### [DATA FOR THIS EXERCISE]
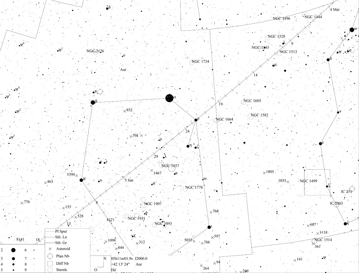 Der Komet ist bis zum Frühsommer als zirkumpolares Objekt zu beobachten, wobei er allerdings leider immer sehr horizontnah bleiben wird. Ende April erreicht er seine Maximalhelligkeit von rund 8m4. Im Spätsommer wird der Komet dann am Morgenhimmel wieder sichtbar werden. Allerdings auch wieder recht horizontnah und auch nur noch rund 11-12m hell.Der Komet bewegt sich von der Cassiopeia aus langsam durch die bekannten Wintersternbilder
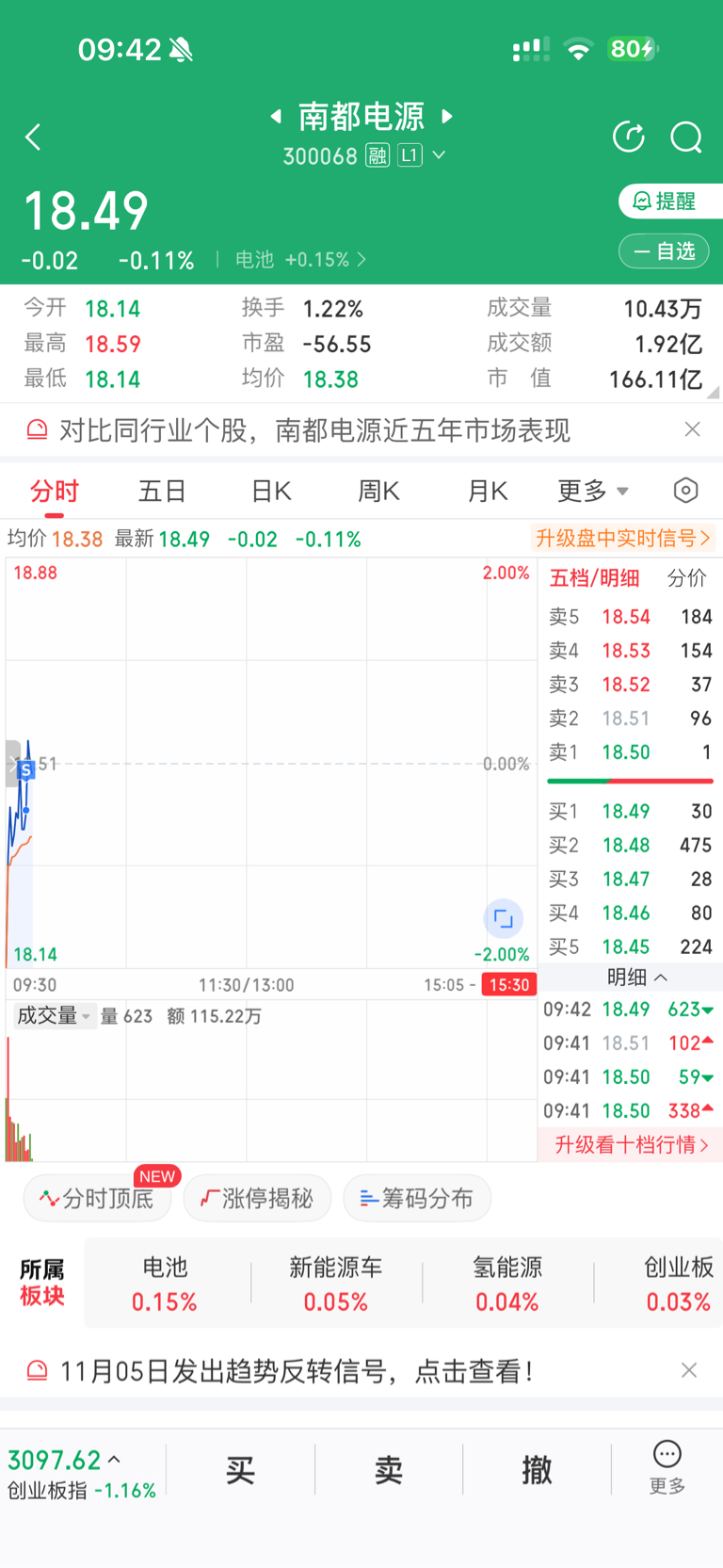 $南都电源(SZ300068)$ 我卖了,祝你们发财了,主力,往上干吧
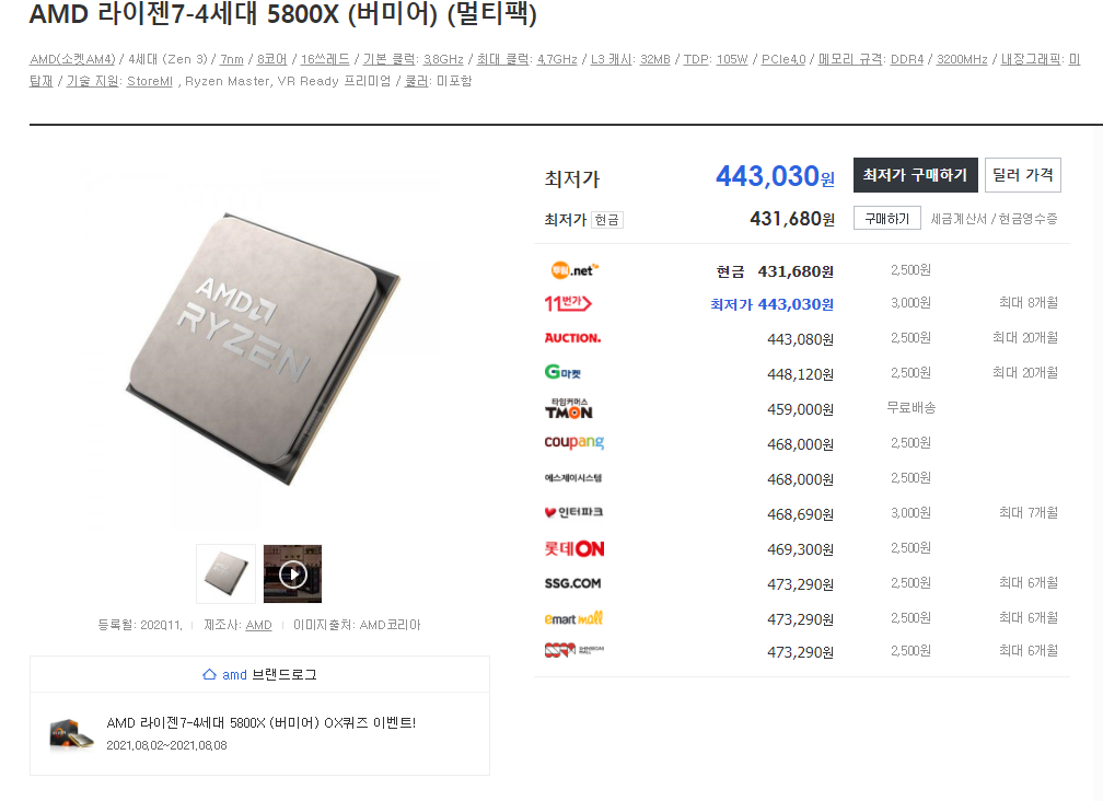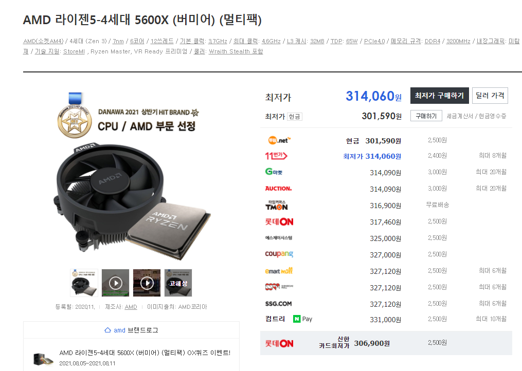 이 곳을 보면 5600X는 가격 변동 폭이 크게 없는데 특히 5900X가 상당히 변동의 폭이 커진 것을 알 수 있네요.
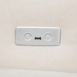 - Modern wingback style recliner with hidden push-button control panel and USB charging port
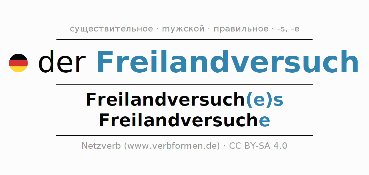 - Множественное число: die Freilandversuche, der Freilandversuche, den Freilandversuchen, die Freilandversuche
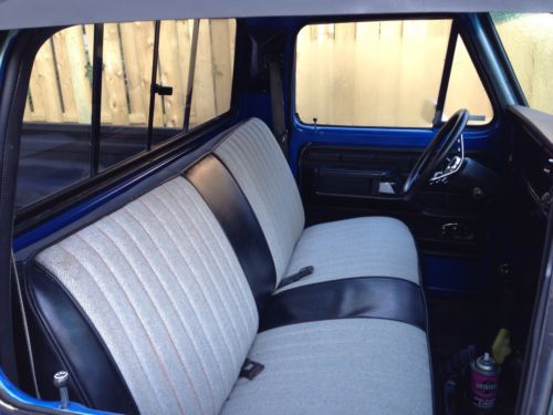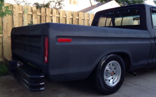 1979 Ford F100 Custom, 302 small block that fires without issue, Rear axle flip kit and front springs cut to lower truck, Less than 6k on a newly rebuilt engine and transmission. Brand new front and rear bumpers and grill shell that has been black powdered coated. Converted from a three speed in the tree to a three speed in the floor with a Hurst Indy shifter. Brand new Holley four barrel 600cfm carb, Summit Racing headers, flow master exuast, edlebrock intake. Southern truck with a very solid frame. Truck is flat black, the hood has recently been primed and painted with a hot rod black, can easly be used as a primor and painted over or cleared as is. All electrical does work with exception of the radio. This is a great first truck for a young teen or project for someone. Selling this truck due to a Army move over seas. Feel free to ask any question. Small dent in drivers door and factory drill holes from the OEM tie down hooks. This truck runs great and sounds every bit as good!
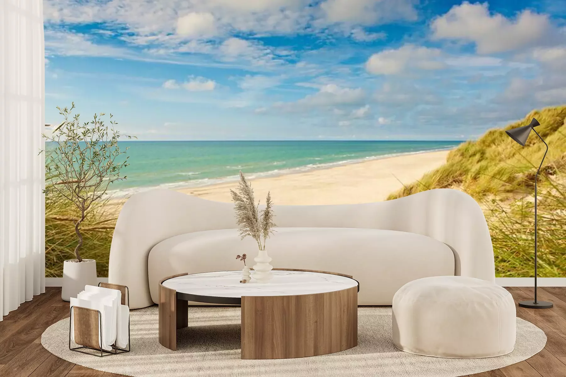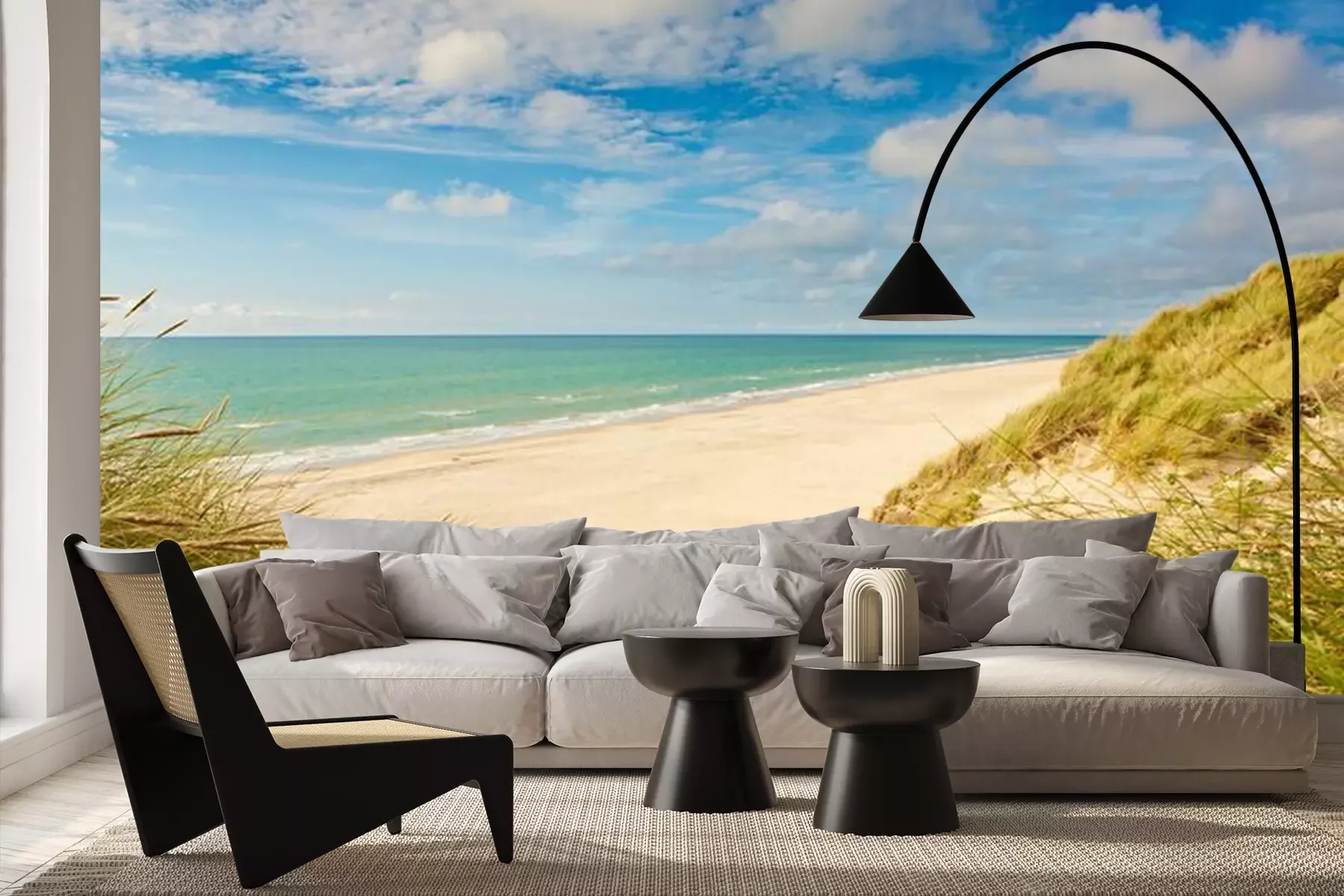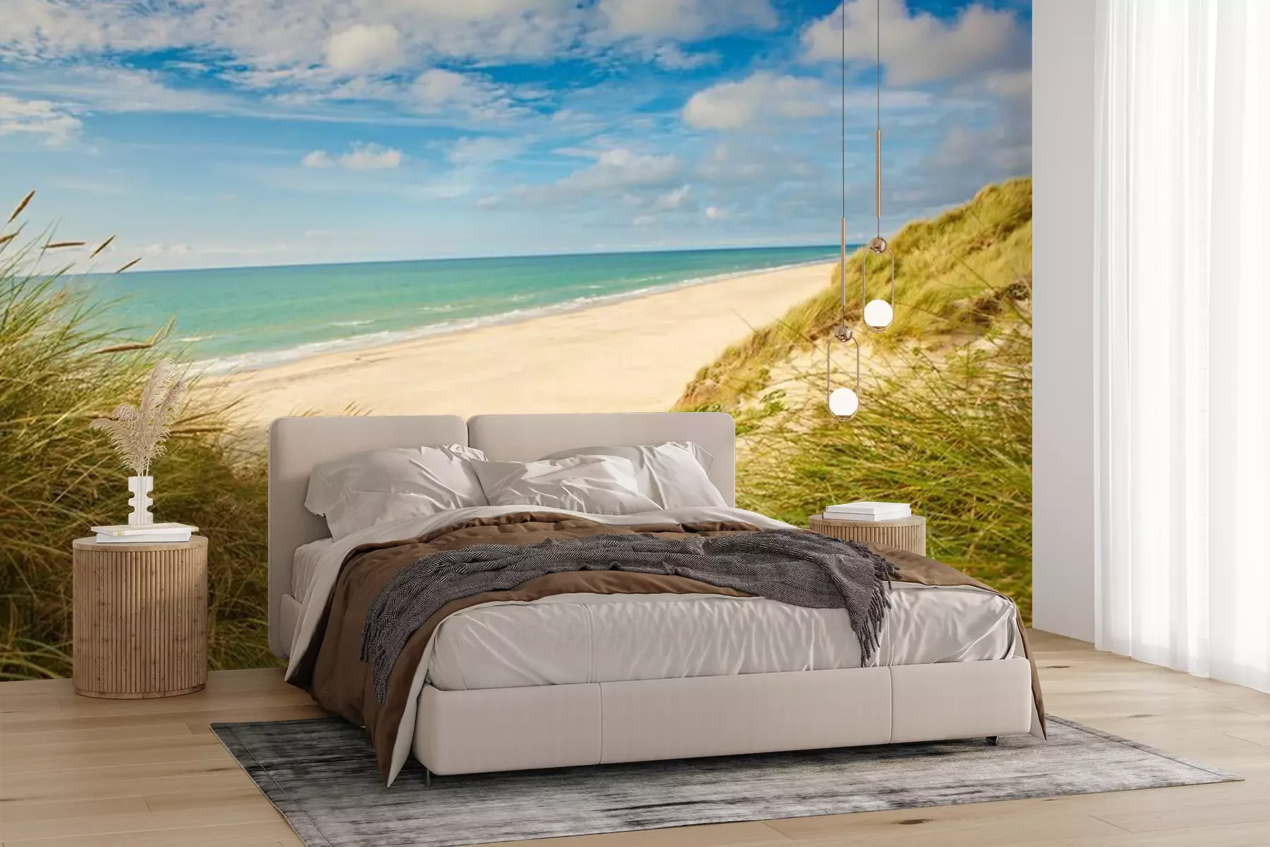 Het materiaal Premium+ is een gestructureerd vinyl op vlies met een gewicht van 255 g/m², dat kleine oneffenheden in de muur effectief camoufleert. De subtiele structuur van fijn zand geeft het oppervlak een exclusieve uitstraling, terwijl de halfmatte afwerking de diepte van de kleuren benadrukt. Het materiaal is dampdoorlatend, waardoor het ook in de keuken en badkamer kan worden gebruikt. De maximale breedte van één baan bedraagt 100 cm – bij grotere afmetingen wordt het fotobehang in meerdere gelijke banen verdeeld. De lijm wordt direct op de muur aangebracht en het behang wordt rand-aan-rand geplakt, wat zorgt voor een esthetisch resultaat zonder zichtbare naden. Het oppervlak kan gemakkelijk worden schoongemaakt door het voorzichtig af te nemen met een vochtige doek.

### [WHAT THE EXERCISE ASKS]
The entries above need to be transcribed word for word, and the pictures stay out.

### [EXERCISE RESULT]
 Der Komet ist bis zum Frühsommer als zirkumpolares Objekt zu beobachten, wobei er allerdings leider immer sehr horizontnah bleiben wird. Ende April erreicht er seine Maximalhelligkeit von rund 8m4. Im Spätsommer wird der Komet dann am Morgenhimmel wieder sichtbar werden. Allerdings auch wieder recht horizontnah und auch nur noch rund 11-12m hell.Der Komet bewegt sich von der Cassiopeia aus langsam durch die bekannten Wintersternbilder
 $南都电源(SZ300068)$ 我卖了,祝你们发财了,主力,往上干吧
 이 곳을 보면 5600X는 가격 변동 폭이 크게 없는데 특히 5900X가 상당히 변동의 폭이 커진 것을 알 수 있네요.
 - Modern wingback style recliner with hidden push-button control panel and USB charging port
 - Множественное число: die Freilandversuche, der Freilandversuche, den Freilandversuchen, die Freilandversuche
 1979 Ford F100 Custom, 302 small block that fires without issue, Rear axle flip kit and front springs cut to lower truck, Less than 6k on a newly rebuilt engine and transmission. Brand new front and rear bumpers and grill shell that has been black powdered coated. Converted from a three speed in the tree to a three speed in the floor with a Hurst Indy shifter. Brand new Holley four barrel 600cfm carb, Summit Racing headers, flow master exuast, edlebrock intake. Southern truck with a very solid frame. Truck is flat black, the hood has recently been primed and painted with a hot rod black, can easly be used as a primor and painted over or cleared as is. All electrical does work with exception of the radio. This is a great first truck for a young teen or project for someone. Selling this truck due to a Army move over seas. Feel free to ask any question. Small dent in drivers door and factory drill holes from the OEM tie down hooks. This truck runs great and sounds every bit as good!
 Het materiaal Premium+ is een gestructureerd vinyl op vlies met een gewicht van 255 g/m², dat kleine oneffenheden in de muur effectief camoufleert. De subtiele structuur van fijn zand geeft het oppervlak een exclusieve uitstraling, terwijl de halfmatte afwerking de diepte van de kleuren benadrukt. Het materiaal is dampdoorlatend, waardoor het ook in de keuken en badkamer kan worden gebruikt. De maximale breedte van één baan bedraagt 100 cm – bij grotere afmetingen wordt het fotobehang in meerdere gelijke banen verdeeld. De lijm wordt direct op de muur aangebracht en het behang wordt rand-aan-rand geplakt, wat zorgt voor een esthetisch resultaat zonder zichtbare naden. Het oppervlak kan gemakkelijk worden schoongemaakt door het voorzichtig af te nemen met een vochtige doek.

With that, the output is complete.